### Task directions
With every picture left out, give the data below back exactly.

### Raw data

================================

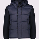 Piumino in nylon con trapuntatura a righe, caratterizzato da cappuccio con coulisse e maniche in maglia a coste elasticizzata, tasche laterali con bottoni a pressione, logo sulla manica, chiusura coperta con bottoni a pressione euna zip, fodera interna.
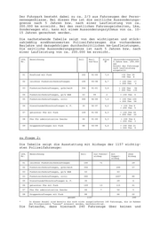 Der Fuhrpark besteht dabei zu ca. 2/3 aus Fahrzeugen der Perso- nenwagenklasse. Bei diesen Pkw ist die zeitliche Aussonderungs- grenze nach 5 Jahren bzw. nach einer Laufleistung von ca. 200.000 km erreicht. Bei den restlichen Fahrzeugeinheiten, Lkw, Sonderwagen etc. kann mit einem Aussonderungsrythmus von ca. 10- 15 Jahren gerechnet werden. Die nachstehende Tabelle zeigt von den wichtigsten und stück- zahlmäßig erwähnenswerten Polizeifahrzeugen die vorhandenen Baujahre und dazugehörigen durchschnittlichen km-Laufleistungen. Die zeitliche Aussonderungsgrenze ist nach 5 Jahren bzw. nach einer Laufleistung von ca. 200.000 km erreicht. Lfd. Bezeichnung Soll Bauj. Alter (Aussonderungsgrenze Nr. von-bis ∅ 5 Jahre bzw. 200.000 km) Anzahl der Fahrzeuge nach Laufleistung eingeteilt 01 Kraftrad mit Funk 102 91-00 7,4 >30 Tkm 39 >40 Tkm 8 02 leichter Funkstreifenkraftwagen 100 93-98 6,7 > 150 Tkm 17 > 200 Tkm 2 03 Funkstreifenkraftwagen, grün/weiß 356 91-01 3,6 > 150 Tkm 94 > 200 Tkm 135 04 Funkstreifenkraftwagen, gr/w BAB 43 99 2 > 150 Tkm 6 05 Funkstreifenkraftwagen, zivil 300 92-00 7,4 > 150 Tkm 104 > 200 Tkm 58 06 Diensthundeführerkraftwagen m. F. 35 92-97 6,2 > 150 Tkm 8 > 200 Tkm 5 07 getarnter Pkw mit Funk 169 91-00 6,3 > 150 Tkm 39 > 200 Tkm 22 08 Pkw für administrative Zwecke 66 91-00 5,3 > 150 Tkm 6 > 200 Tkm 3 09 Gruppenkraftwagen mit Funk 88 93-99 5,6 > 150 Tkm 21 > 200 Tkm 9 zu Frage 2: Die Tabelle zeigt die Ausstattung mit Airbags der 1157 wichtig- sten Polizeifahrzeuge: Lfd. Bezeichnung Soll nur Fahrer- mit ohne Nr. airbag Doppel- Airbag airbag 01 leichter Funkstreifenkraftwagen 100 71 29 02 Funkstreifenkraftwagen, grün/weiß 356 299 57 03 Funkstreifenkraftwagen, gr/w BAB 43 43 03 Funkstreifenkraftwagen, zivil 300 220* 80 05 Diensthundeführerkraftwagen m. F. 35 29 6 06 getarnter Pkw mit Funk 169 13 115 41 07 Pkw für administrative Zwecke 66 7 54 5 08 Gruppenkraftwagen mit Funk 88 66 22 gesamt 1157 240 * In dieser Anzahl sind bereits die noch nicht ausgelieferten 160 Fahrzeuge, die im Rahmen des Pilotprojekts "Leasen" erneuert werden, berücksichtigt. Die Tatsache, dass hiernach 240 Fahrzeuge über keinen und
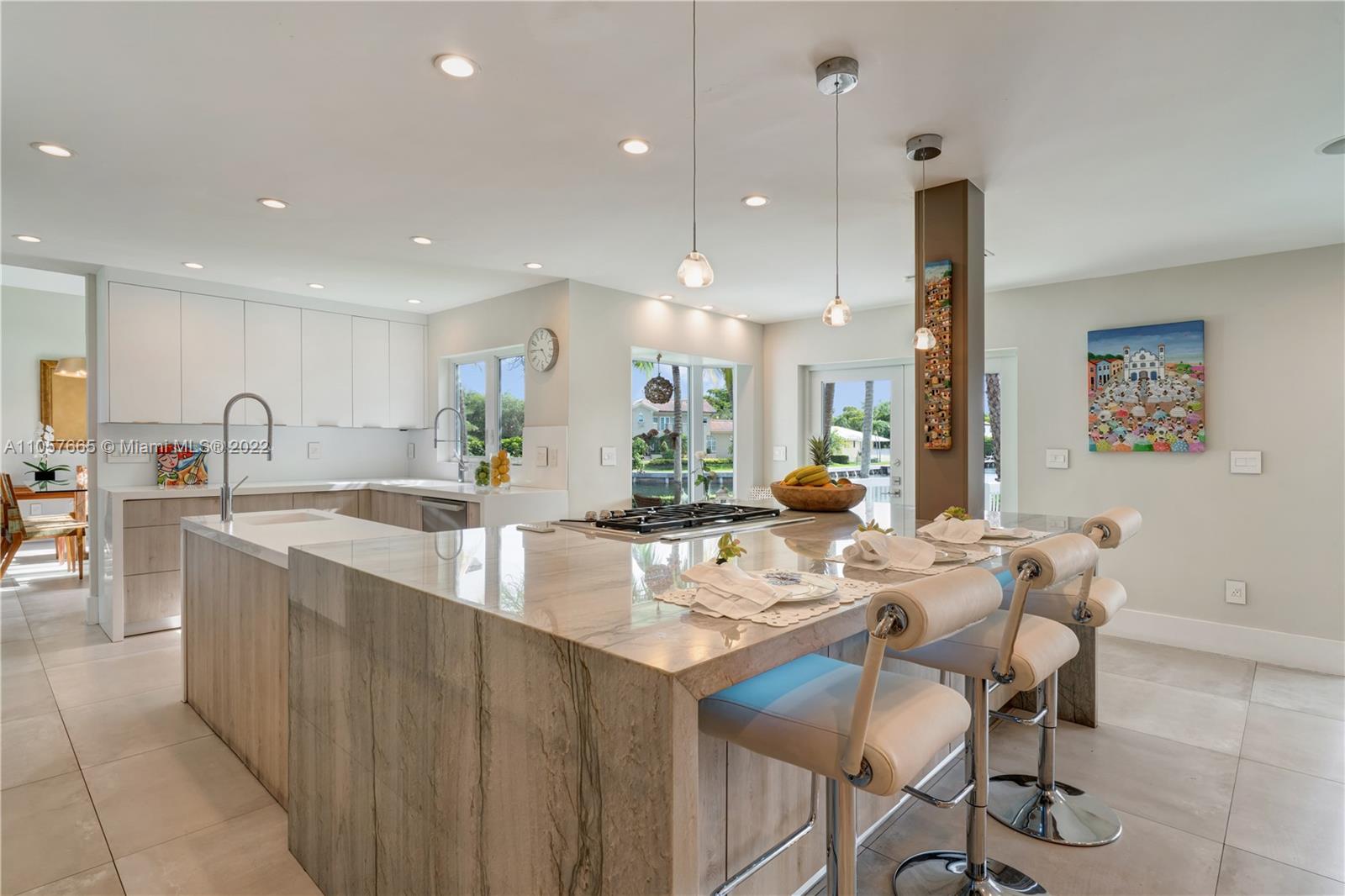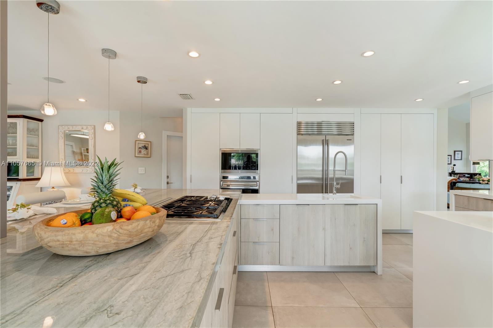 Say hello to your dream waterfront home resort-style living in Gables by the Sea, a tranquil guard-gated community. Live amid beauty and serenity in a spectacular 2-story, 4,056 SF remodeled for luxury living. Newly upgraded with a $500K renovation to the highest standards, w/high ceilings, Porcelanosa floors, impact windows and doors throughout, brand new kitchen, roof and driveway. Take in the gorgeous sunsets over the water, either from the hammocks swinging between the palm trees or while indulging in the Jacuzzi cascading into the pool. Prepare meals in the beautiful, open-plan kitchen complete with a giant natural quartzite island and Sub-Zero/Wolf appliances. Wake up to a breakfast in the master suite’s waterfront balcony overlooking a gorgeous patio and lush tropical surroundings.

================================

### Final answer
 Piumino in nylon con trapuntatura a righe, caratterizzato da cappuccio con coulisse e maniche in maglia a coste elasticizzata, tasche laterali con bottoni a pressione, logo sulla manica, chiusura coperta con bottoni a pressione euna zip, fodera interna.
 Der Fuhrpark besteht dabei zu ca. 2/3 aus Fahrzeugen der Perso- nenwagenklasse. Bei diesen Pkw ist die zeitliche Aussonderungs- grenze nach 5 Jahren bzw. nach einer Laufleistung von ca. 200.000 km erreicht. Bei den restlichen Fahrzeugeinheiten, Lkw, Sonderwagen etc. kann mit einem Aussonderungsrythmus von ca. 10- 15 Jahren gerechnet werden. Die nachstehende Tabelle zeigt von den wichtigsten und stück- zahlmäßig erwähnenswerten Polizeifahrzeugen die vorhandenen Baujahre und dazugehörigen durchschnittlichen km-Laufleistungen. Die zeitliche Aussonderungsgrenze ist nach 5 Jahren bzw. nach einer Laufleistung von ca. 200.000 km erreicht. Lfd. Bezeichnung Soll Bauj. Alter (Aussonderungsgrenze Nr. von-bis ∅ 5 Jahre bzw. 200.000 km) Anzahl der Fahrzeuge nach Laufleistung eingeteilt 01 Kraftrad mit Funk 102 91-00 7,4 >30 Tkm 39 >40 Tkm 8 02 leichter Funkstreifenkraftwagen 100 93-98 6,7 > 150 Tkm 17 > 200 Tkm 2 03 Funkstreifenkraftwagen, grün/weiß 356 91-01 3,6 > 150 Tkm 94 > 200 Tkm 135 04 Funkstreifenkraftwagen, gr/w BAB 43 99 2 > 150 Tkm 6 05 Funkstreifenkraftwagen, zivil 300 92-00 7,4 > 150 Tkm 104 > 200 Tkm 58 06 Diensthundeführerkraftwagen m. F. 35 92-97 6,2 > 150 Tkm 8 > 200 Tkm 5 07 getarnter Pkw mit Funk 169 91-00 6,3 > 150 Tkm 39 > 200 Tkm 22 08 Pkw für administrative Zwecke 66 91-00 5,3 > 150 Tkm 6 > 200 Tkm 3 09 Gruppenkraftwagen mit Funk 88 93-99 5,6 > 150 Tkm 21 > 200 Tkm 9 zu Frage 2: Die Tabelle zeigt die Ausstattung mit Airbags der 1157 wichtig- sten Polizeifahrzeuge: Lfd. Bezeichnung Soll nur Fahrer- mit ohne Nr. airbag Doppel- Airbag airbag 01 leichter Funkstreifenkraftwagen 100 71 29 02 Funkstreifenkraftwagen, grün/weiß 356 299 57 03 Funkstreifenkraftwagen, gr/w BAB 43 43 03 Funkstreifenkraftwagen, zivil 300 220* 80 05 Diensthundeführerkraftwagen m. F. 35 29 6 06 getarnter Pkw mit Funk 169 13 115 41 07 Pkw für administrative Zwecke 66 7 54 5 08 Gruppenkraftwagen mit Funk 88 66 22 gesamt 1157 240 * In dieser Anzahl sind bereits die noch nicht ausgelieferten 160 Fahrzeuge, die im Rahmen des Pilotprojekts "Leasen" erneuert werden, berücksichtigt. Die Tatsache, dass hiernach 240 Fahrzeuge über keinen und
 Say hello to your dream waterfront home resort-style living in Gables by the Sea, a tranquil guard-gated community. Live amid beauty and serenity in a spectacular 2-story, 4,056 SF remodeled for luxury living. Newly upgraded with a $500K renovation to the highest standards, w/high ceilings, Porcelanosa floors, impact windows and doors throughout, brand new kitchen, roof and driveway. Take in the gorgeous sunsets over the water, either from the hammocks swinging between the palm trees or while indulging in the Jacuzzi cascading into the pool. Prepare meals in the beautiful, open-plan kitchen complete with a giant natural quartzite island and Sub-Zero/Wolf appliances. Wake up to a breakfast in the master suite’s waterfront balcony overlooking a gorgeous patio and lush tropical surroundings.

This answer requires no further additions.